EXERCISE DESCRIPTION: Give again, word for word, each line of the data from the first through the one containing "10月11日下午,为进一步提". Pictures stay out.

Records contained in a dataset:

++++++++++++++++++++

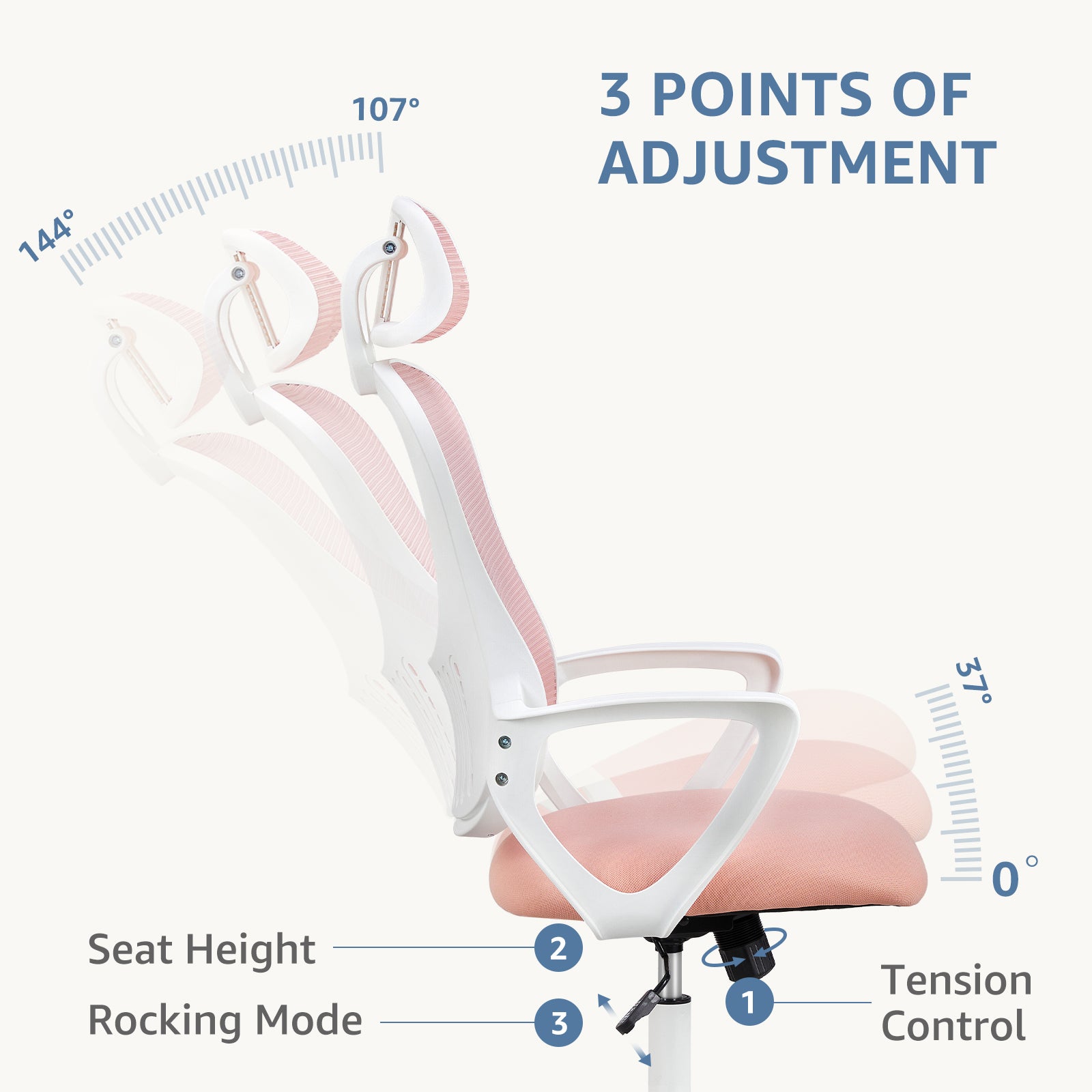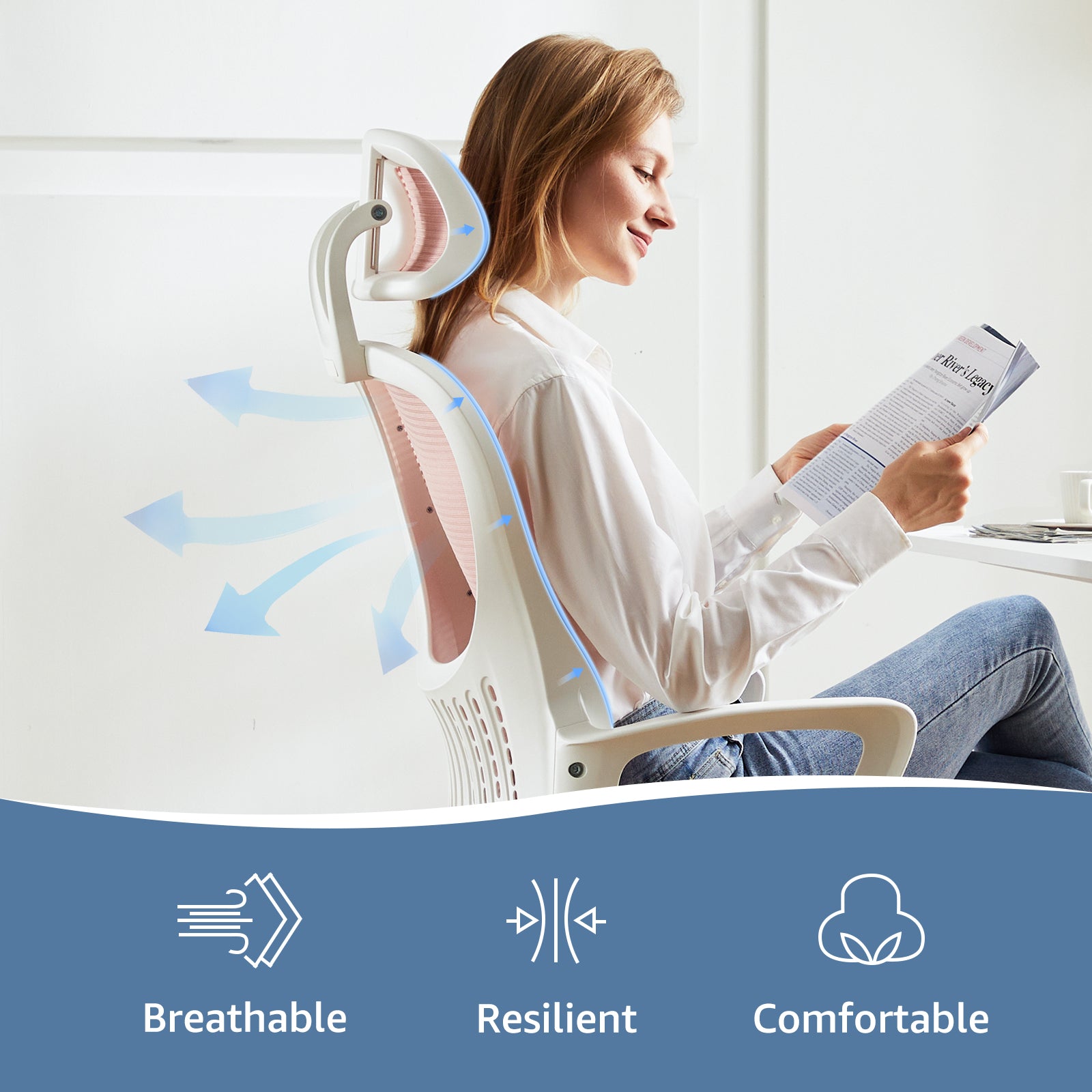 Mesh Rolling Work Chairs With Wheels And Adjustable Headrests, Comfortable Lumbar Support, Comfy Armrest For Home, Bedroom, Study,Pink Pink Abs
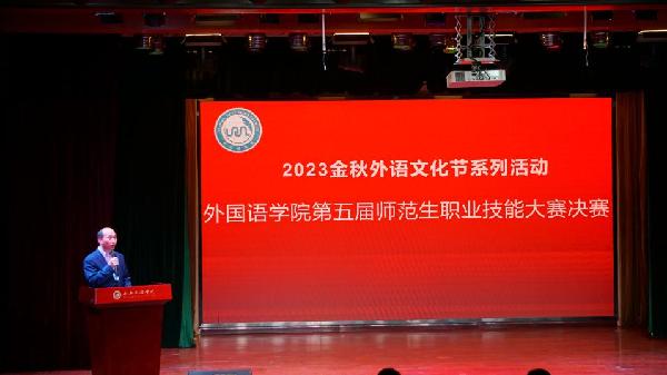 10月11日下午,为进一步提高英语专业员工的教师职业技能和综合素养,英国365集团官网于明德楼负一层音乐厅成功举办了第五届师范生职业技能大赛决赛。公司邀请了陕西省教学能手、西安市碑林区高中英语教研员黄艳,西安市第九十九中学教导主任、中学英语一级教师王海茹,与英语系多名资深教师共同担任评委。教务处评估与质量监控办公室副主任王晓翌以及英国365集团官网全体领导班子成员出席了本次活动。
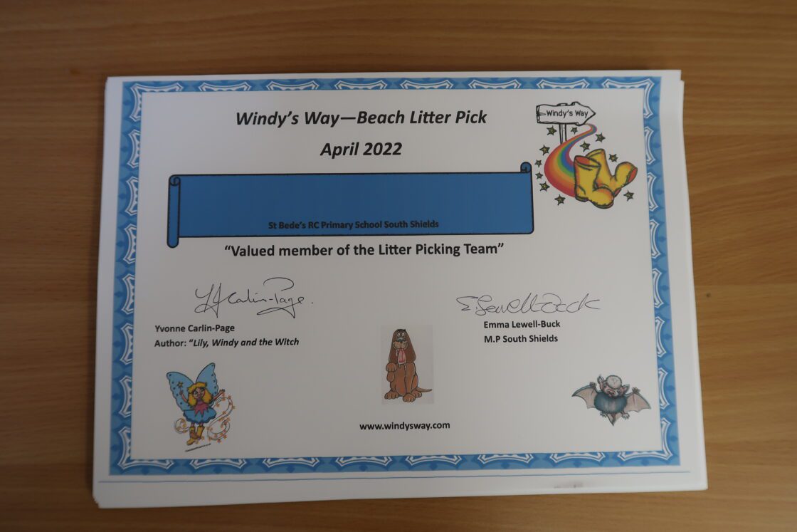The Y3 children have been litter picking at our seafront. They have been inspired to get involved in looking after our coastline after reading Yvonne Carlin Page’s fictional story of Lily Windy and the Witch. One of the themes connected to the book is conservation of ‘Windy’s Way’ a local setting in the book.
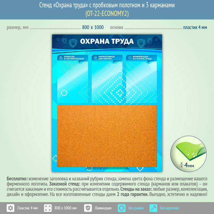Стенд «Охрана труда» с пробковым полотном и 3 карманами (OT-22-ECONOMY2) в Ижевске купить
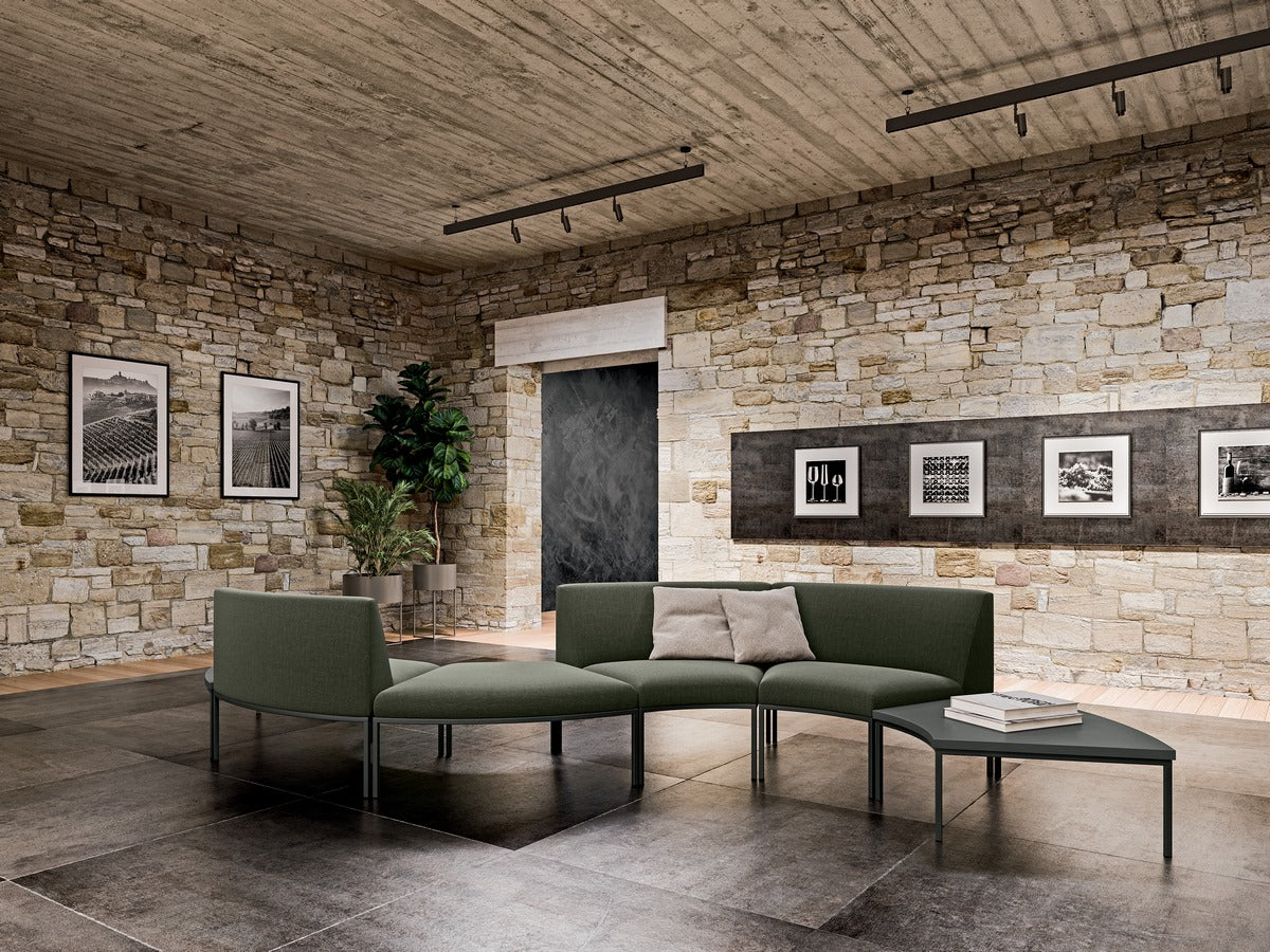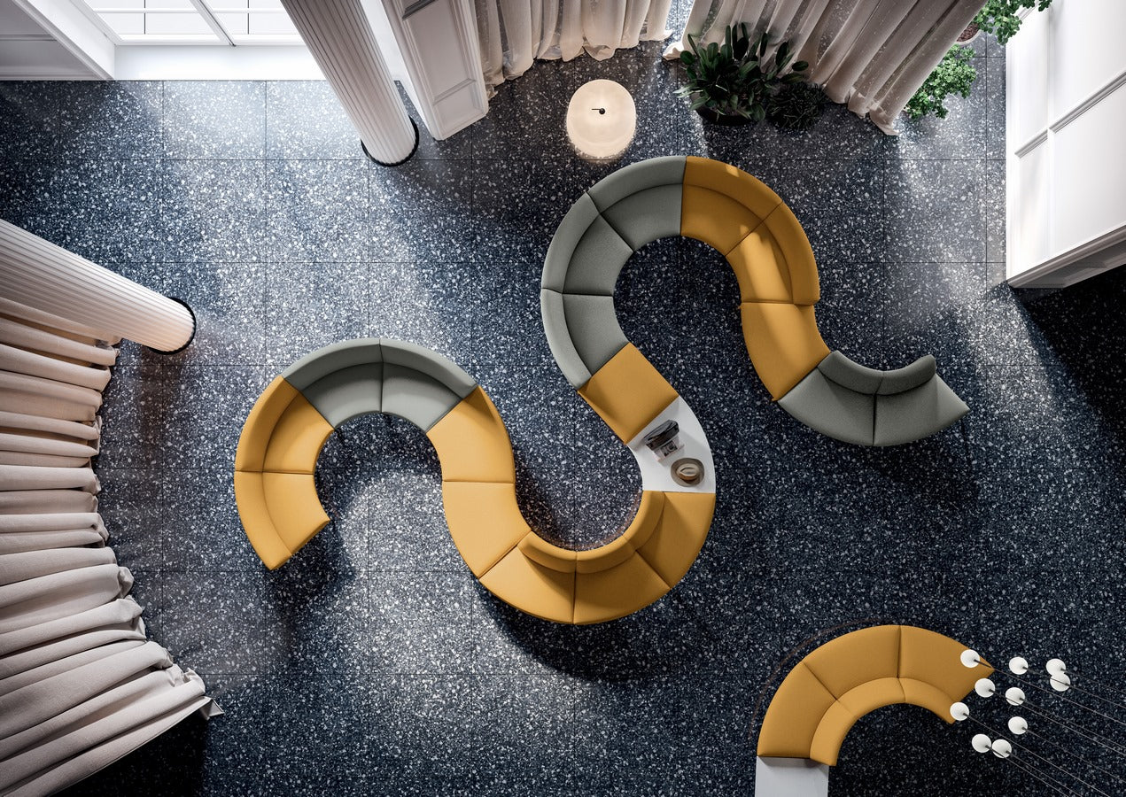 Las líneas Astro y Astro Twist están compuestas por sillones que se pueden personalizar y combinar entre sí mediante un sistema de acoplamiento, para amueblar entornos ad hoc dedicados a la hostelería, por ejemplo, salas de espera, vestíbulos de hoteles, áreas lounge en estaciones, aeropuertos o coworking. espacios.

++++++++++++++++++++

TASK OUTPUT:
 Mesh Rolling Work Chairs With Wheels And Adjustable Headrests, Comfortable Lumbar Support, Comfy Armrest For Home, Bedroom, Study,Pink Pink Abs
 10月11日下午,为进一步提高英语专业员工的教师职业技能和综合素养,英国365集团官网于明德楼负一层音乐厅成功举办了第五届师范生职业技能大赛决赛。公司邀请了陕西省教学能手、西安市碑林区高中英语教研员黄艳,西安市第九十九中学教导主任、中学英语一级教师王海茹,与英语系多名资深教师共同担任评委。教务处评估与质量监控办公室副主任王晓翌以及英国365集团官网全体领导班子成员出席了本次活动。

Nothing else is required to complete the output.